Lithium-ion batteries are now widely deployed in energy-storage and electrified systems, where safety margins, service continuity, and maintenance costs increasingly depend on accurate degradation tracking [1,2]. In such settings, battery management is concerned not only with instantaneous operating states, but also with remaining useful life and the prediction of future degradation [3,4]. Two quantities are commonly used for this purpose. Remaining useful life (RUL) refers to the number of cycles remaining before end-of-life, whereas state of health (SOH) reflects the gradual loss of available capacity during use [5]. Reliable estimation of these quantities is therefore important not only for fault prevention, but also for maintenance scheduling, service planning, and the effective utilization of battery assets [2].
Battery prognostics is complicated by heterogeneity across cells and by nonstationary degradation within each cell. Even under similar nominal operating conditions, batteries can follow different aging trajectories, and the degradation rate of a single cell may change over its lifetime [6,7]. This variability can leave a global model trained offline noticeably mismatched to a given target cell when applied directly [8,9]. Online personalization is therefore a practical requirement in real-time battery prognostics rather than an optional refinement [9,10]. Its implementation, however, is constrained by deployment conditions instead of unconstrained retraining [11,12]. Target-cell data are often scarce, particularly at early stages, so repeated parameter updates can become more vulnerable to limited data while also adding computational overhead [9,13]. The temporal context used for prediction also matters: a history span that is informative during slow aging may become less appropriate when degradation accelerates or nears a knee point [7,14]. Online battery personalization must therefore be considered not only from the perspective of prediction accuracy, but also in terms of update cost, adaptation risk, and the suitability of the temporal context.
Ma et al. [8] provide a representative online-transfer setting for studying this issue, in which a CNN–LSTM predictor is trained offline and then adapted online to each target cell under a clear and reproducible protocol. This setting makes the gap between offline generalization and cell-specific behavior explicit and provides a stable reference for comparison under comparable conditions. However, two bottlenecks remain prominent in this setting. The first concerns update burden and adaptation risk: even partial fine-tuning may still require non-negligible online computation and may increase adaptation risk when the target stream is short, noisy, or data-deficient [11,13]. The second concerns temporal-context mismatch: the fixed recent-history span used to construct the model input may not remain equally suitable across different cells or across different aging stages [7,14]. Addressing these two issues without replacing the baseline predictor is therefore of direct practical relevance.
In this work, we study a lightweight extension of the same representative online-transfer setting of Ma et al. [8] rather than proposing a new backbone architecture. The backbone architecture and the fixed input length are kept unchanged so that the comparison remains anchored to the same deployment-oriented baseline. Instead, we focus on two constrained modifications to the online procedure. First, we replace backbone fine-tuning with a parameter-efficient update path built around a small adapter and an auxiliary SOH branch, aiming to reduce update burden and limit overfitting during online personalization.
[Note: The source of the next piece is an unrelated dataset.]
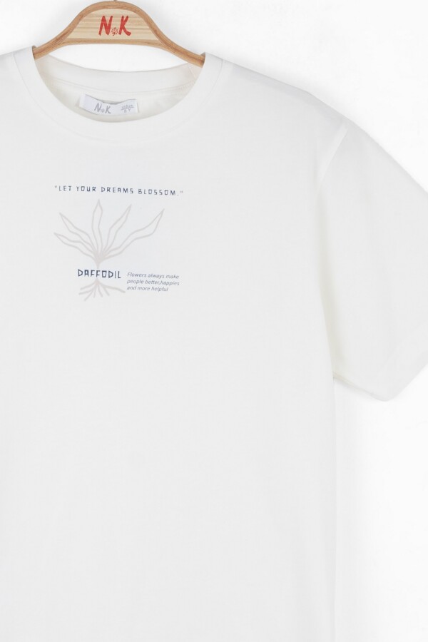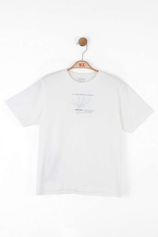 Bu şık erkek çocuk tişörtü, özgün tasarımı ve rahat kesimi ile dikkat çekiyor. Ekru rengi, yaz günlerinde ferahlık sunarken, ön kısmındaki çiçek desenleri ile çocukların hayal gücünü besliyor.

Second, the fixed recent-history span is replaced with an adaptive windowing rule that adjusts the effective history span while preserving the same number of sampled input cycles. In this way, the study targets practical deployability under limited online resources rather than architectural complexity.
The aim of this study is therefore not to claim that a more complex predictor is universally superior, but to examine whether online personalization can be made less burdensome and better aligned with evolving degradation behavior under realistic deployment constraints. The key question is not only whether adaptation improves average prediction accuracy, but also whether it does so with lower update burden and fewer harmful updates. The evaluation therefore considers accuracy gain together with online update cost and adaptation risk, rather than relying on average accuracy alone. Under the same online protocol, this setting also allows cell-level variation and the interaction between RUL and SOH to be examined. The proposed design is evaluated on 22 test cells under this protocol.
Section 2 reviews the literature related to battery prognostics, online personalization, and lightweight adaptation. Section 3 presents the proposed method as a lightweight extension of a representative online transfer learning baseline. Section 4 evaluates the proposed method on 22 test cells in an online setting. Section 5 concludes the paper and outlines possible directions for future work.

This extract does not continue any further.